Thanks for getting back to me.

> > You can map it to multiple hosts, but before doing  dd if=/dev/zero of=/media/tmp/test you have created file system, right

Correct, I can't mount /dev/rbd/rbd/test-device without first creating a file system on the device.  Now, I am creating an ext4 filesystem with the -m0 flag so the metadata is contained within the filesystem. I did not create a partition on the device instead opting to format the whole device (this is how the rbd guide does it).

>> This file system MUST be distributed, thus multiple hosts can read and write files on it.

I'm not sure I understand.  Are you implying I need to use some OTHER network filesystem (e.g. glusterfs) -on top- of ceph? Or are you saying my ext4 file system should be distributed so multiple hosts should be able to read and write to/from the ext4 filesystem?

If it's the former, this seems counterintuitive, but if that's what nerds to happen I guess I'll make it so.  If it's the latter, then something is not right as my hosts are not all able to read and write to the ext4 filesystem.  I'm not sure how else I can test / prove it other than writing a file from each of my hosts and that file not being accessible from all of my hosts, can you provide some further troubleshooting steps?  Could it be the filesystem type? Do I need to use xfs or btrfs if I want to map the block device to multiple hosts? Does CEPH not work as a client where it is running as a service?

Thanks for your help,
Jon A

On May 29, 2013 12:47 AM, "Igor Laskovy" <igor.laskovy@xxxxxxxxx> wrote:
Hi Jon, I already mentioned multiple times here - RBD just a block device. You can map it to multiple hosts, but before doing  dd if=/dev/zero of=/media/tmp/test you have created file system, right? This file system MUST be distributed, thus multiple hosts can read and write files on it.


On Wed, May 29, 2013 at 4:24 AM, Jon <three18ti@xxxxxxxxx> wrote:
Hello,

I would like to mount a single RBD on multiple hosts to be able to share the block device.  
Is this possible?  I understand that it's not possible to share data between the different interfaces, e.g. CephFS and RBDs, but I don't see anywhere it's declared that sharing an RBD between hosts is or is not possible.

I have followed the instructions on the github page of ceph-deploy (I was following the 5 minute quick start http://ceph.com/docs/next/start/quick-start/ but when I got to the step with mkcephfs it erred out and pointed me to the github page), as I only have three servers I am running the osds and monitors on all of the hosts, I realize this isn't ideal but I'm hoping it will work for testing purposes.
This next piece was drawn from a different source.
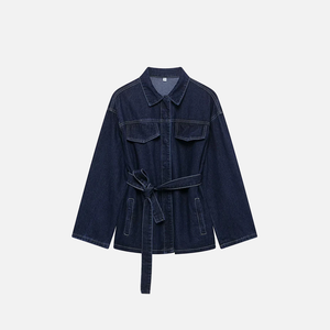 Everyday Essential Lapel Neck With Belt Denim Jacket

This is what my cluster looks like:

>> root@red6:~# ceph -s
>>    health HEALTH_OK
>>    monmap e2: 3 mons at {kitt=192.168.0.35:6789/0,red6=192.168.0.40:6789/0,shepard=192.168.0.2:6789/0}, election epoch 10, quorum 0,1,2 kitt,red6,shepard
>>    osdmap e29: 5 osds: 5 up, 5 in
>>     pgmap v1692: 192 pgs: 192 active+clean; 19935 MB data, 40441 MB used, 2581 GB / 2620 GB avail; 73B/s rd, 0op/s
>>    mdsmap e1: 0/0/1 up

To test, what I have done is created a 20GB RBD mapped it and mounted it to /media/tmp on all the hosts in my cluster, so all of the hosts are also clients.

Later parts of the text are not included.